EMDR is a treatment approach which has been empirically validated in over 24 randomized studies of trauma victims and many other studies with other "psychiatric disorders." It is considered one of the three treatments of choice for trauma by organizations such as ISTSS (International Society for Traumatic Stress Studies), American Psychiatric Assoc, American Psychological Assoc, Dept of Veteran Affairs, Dept of Defense, Departments of Health in Northern Ireland, UK, Israel, the Netherlands, France, and other countries and organizations. 

As noted in the American Psychiatric Association Practice Guidelines (2004, p.18), in EMDR “traumatic material [or ANYTHING specific] need not be verbalized; instead, patients are directed to think about their traumatic experiences without having to discuss them.” Given the reluctance of many clients to divulge the details of their experience, this factor is relevant to willingness to initiate treatment, retention and therapeutic gains.

The research shows that EMDR works, and at 15-month follow-up continues to hold (see Wilson, S., Becker, L.A., & Tinker, R.H. (1997). Fifteen-month follow-up of eye movement desensitization and reprocessing (EMDR) treatment of post-traumatic stress disorder and psychological trauma. Journal of Consulting and Clinical Psychology, 65, 1047-1056).

The World Health Organization (WHO) now has "guidelines on problems and disorders specifically related to stress." (In press)
“Individual or group cognitive behavioural therapy (CBT) with a trauma focus, eye movement desensitization and reprocessing (EMDR), or stress management should be considered for adults with posttraumatic stress disorder (PTSD).”
"Individual or group cognitive behavioural therapy (CBT) with a trauma focus or eye movement desensitization and reprocessing (EMDR) should be considered for children and adolescents with posttraumatic stress disorder (PTSD)."
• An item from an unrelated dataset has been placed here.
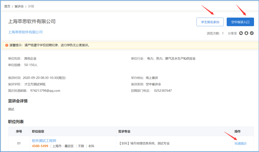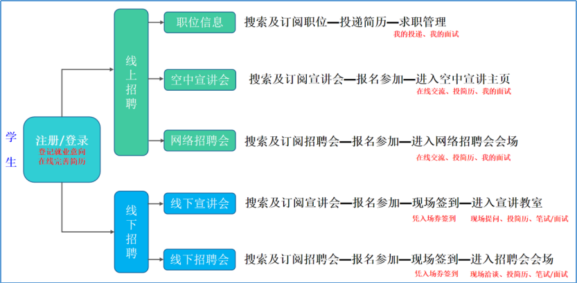 学生在就业网/就业微信查看宣讲会,报名参加线下宣讲会,系统自动发送入场券,请学生做好疫情防护措施,准备好纸质简历,按时有序参会,配合学校做好签到工作,积极投递简历,参加笔试面试。
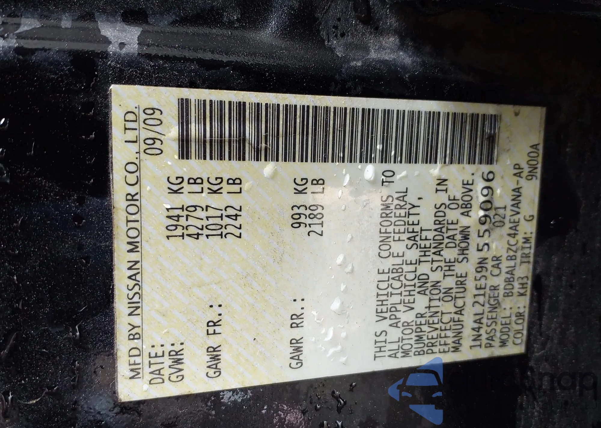 LOT: 42898103 VIN: 1N4AL21E59N559096

In addition to my therapy practice, I roam the web looking for EMDR discussions, try to answer questions about it posted by clients/patients, and respond to the critics out there. It's not a cure-all therapy, however, it really is an extraordinary psychotherapy and its results last. In the hands of a really experienced EMDR therapist, it's the most gentle way of working through disturbing experiences.


----------



## diwali123 (Feb 17, 2012)

I would be willing to bet that if your description of things is accurate her problems are more about her childhood than you at this point.
_Posted via Mobile Device_


----------



## lonesomegra (Dec 11, 2011)

Glorified self hypnosis in my opinion! The problem lies in that there are unpredictables such as people affected by weather such as dry winds and snow. These can act as a triggers that negates such therapy. Smell can do likewise.
As a really angry affected person I think a level of anger is required to make us feel and not become neutered hound dogs or a flock of sheep.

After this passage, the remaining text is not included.